The German government will double existing subsidies to 6,000 euros ($ 6,720) for electric vehicles costing up to 40,000 euros ($ 44,800), Chancellor Angela Merkel’s Christian Democratic Union party reported. The total incentive grows to as much as 9,000 euros ($ 10,080) if the existing contribution of the producer is included.
Potential car buyers will also benefit from a temporary reduction in the state’s sales tax to 16% from 19%.
The incentives are part of a comprehensive package of 130 billion euros ($ 145 billion) approved by the German government on Wednesday night.
Asked about the incentives on Thursday, German Finance Minister Olaf Scholz said they are part of a broader effort to help the climate. “This is about renewable energy. This is about all the climate activities that are needed to achieve [carbon] a neutral economy in 2050. We need to start now, ”he told CNN.
The total incentive package is 4% of the annual economic performance of the state. Combined with previously announced costs and tax breaks, the total amount of emergency incentives in Germany reached a peak of 14% of GDP.
Incentives could accelerate efforts by German carmakers, including Volkswagen, to produce and sell more electric cars. Volkswagen, which also owns Audi, Porsche, SEAT and Skoda, plans to spend 33 billion euros ($ 37 billion) on electricity development by 2024, expanding into new business areas, including infrastructure for charging and battery production.
The global auto industry had already suffered two years of declining sales before the coronavirus pandemic broke, forcing factories to close and distribute worldwide.

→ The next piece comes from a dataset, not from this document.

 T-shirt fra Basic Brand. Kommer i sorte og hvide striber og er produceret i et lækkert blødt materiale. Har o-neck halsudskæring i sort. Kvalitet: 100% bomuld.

This year, sales have fallen off the cliff, and there are few signs of a big recovery.
“The industry is down in a dark basement, and although it has managed to climb back a few steps, there is still no trace of light,” says Klaus Wohlrabe, head of research at Ifu.
Still, electric cars could drive a return. The European market for electric vehicles and plug-in hybrids grew by 72% in the first quarter of 2020, according to research firm Canalys. The two vehicle categories make up more than 7% of all new cars shipped to the continent.

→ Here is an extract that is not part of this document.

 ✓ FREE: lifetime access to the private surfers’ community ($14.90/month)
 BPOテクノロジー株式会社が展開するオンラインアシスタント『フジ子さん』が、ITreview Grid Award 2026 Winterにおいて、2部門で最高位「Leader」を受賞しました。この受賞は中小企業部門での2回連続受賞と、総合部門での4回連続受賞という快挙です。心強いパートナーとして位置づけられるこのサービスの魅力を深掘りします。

Chris Jones, chief analyst for the automotive sector at Canalys, said the “impressive” results for electric vehicles could have been even better had there been no disruption caused by the pandemic. As it progresses, new German subsidies and the introduction of electric versions of already popular models should help the trend continue, Canalys says.
Germany’s new stimulus package was larger than analysts had expected. In addition to incentives for electric cars, it includes money for green investments, tax breaks and benefits for families with children.
“After five years of fiscal surpluses and a drop in Germany’s public debt ratio … the package once again shows that Germany is ready and able to spend when it matters,” said Holger Schmieding of Berenberg Bank.
– Nadine Schmidt, Fred Pleitgen and Mark Thompson contributed to the reporting.